One of my greatest, natural strengths since I was a kid is the ability and desire to respond to negativity with kindness. I have been getting questioned, especially recently, with people inquiring how I have it in me to respond kindly and why I choose to respond that way. There is no mystery here, and I’m happy to share this with you, but only keep reading if you choose to really have an open mind.

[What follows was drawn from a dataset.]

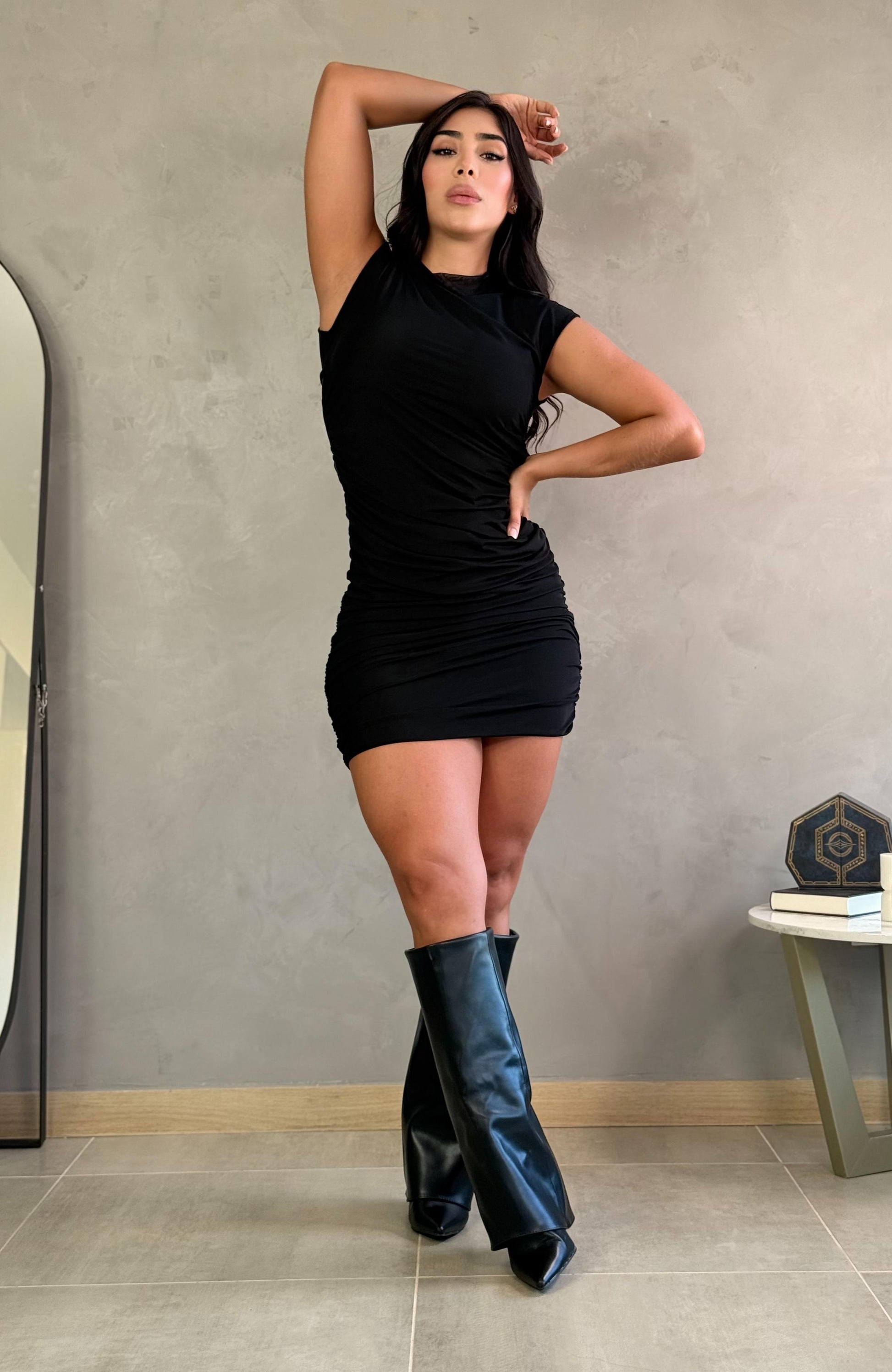 Vestido de largo graduable y ajustado y detalles estratégicos de recogida que realzan cada curva. Su escote espalda descubierta aporta un toque sensual y cómodo, mientras que el drapeado posterior estiliza y crea un efecto de figura esculpida. Tejido en malla que se adapta al cuerpo.

The people who act rudely, maliciously, or who are overtly judgmental need kindness the most, even when they’re taking serious jabs at you. Think about it – when you’re attacked, do you ever think, “Wow, how could XYZ say that to me? How can you talk to someone like that?” It’s a valid question – how can someone have it in them to be so nasty and hurtful? People say or write things that you could never fathom saying out loud. But something from within these people is broken, and even if you are hurt from it, it’s only a sad byproduct of the true issue – a real, internal problem within that person.
Responding to Negativity With Kindness
Why respond with kindness?
Let kindness prevail: If you allow a negative person to elicit an equally negative response to them, they are winning, and that just makes my heart hurt. We want kindness to win! Don’t give into the dark side. It’s not pretty there.
Stay true to yourself: While it may feel good momentarily to respond back to someone with equally nasty force, chances are afterwards upon reflection, things will not sit right with you. Stay true to yourself and exercise your higher ability to remain composed and kind, even in difficult situations.
You are stronger: To act rudely can often be the easy way out. You don’t have to exercise self control; you can let those bubbling angry emotions burst out to “feel better” or have the last word. But will you feel good about that? Ultimately, I believe by exercising more control than your callous counterpart, not only do you stand on higher ground, but you show that you’re stronger than giving into that temptation.
Everything comes back to you: Your reputation is important, and especially in this day in age of easily documenting everything, it’s more crucial than ever to keep a good image to your name. Even though you should act kindly for yourself, it doesn’t hurt to have an extra incentive. What you think is a closed door conversation can easily be creatively summarized and posted on social media. You could burn bridges with someone who may have social or professional influence over you in the future. Even if you think it could never come back, it always can. And usually does, when you least expect it. You never have to worry about being kind though.
How to respond with kindness
Being kind doesn’t mean being a pushover: This is very important to remember; choosing kindness doesn’t mean you have to quietly act as a punching bag to your bullies. You should assert your position and stand up for yourself with grace and tact.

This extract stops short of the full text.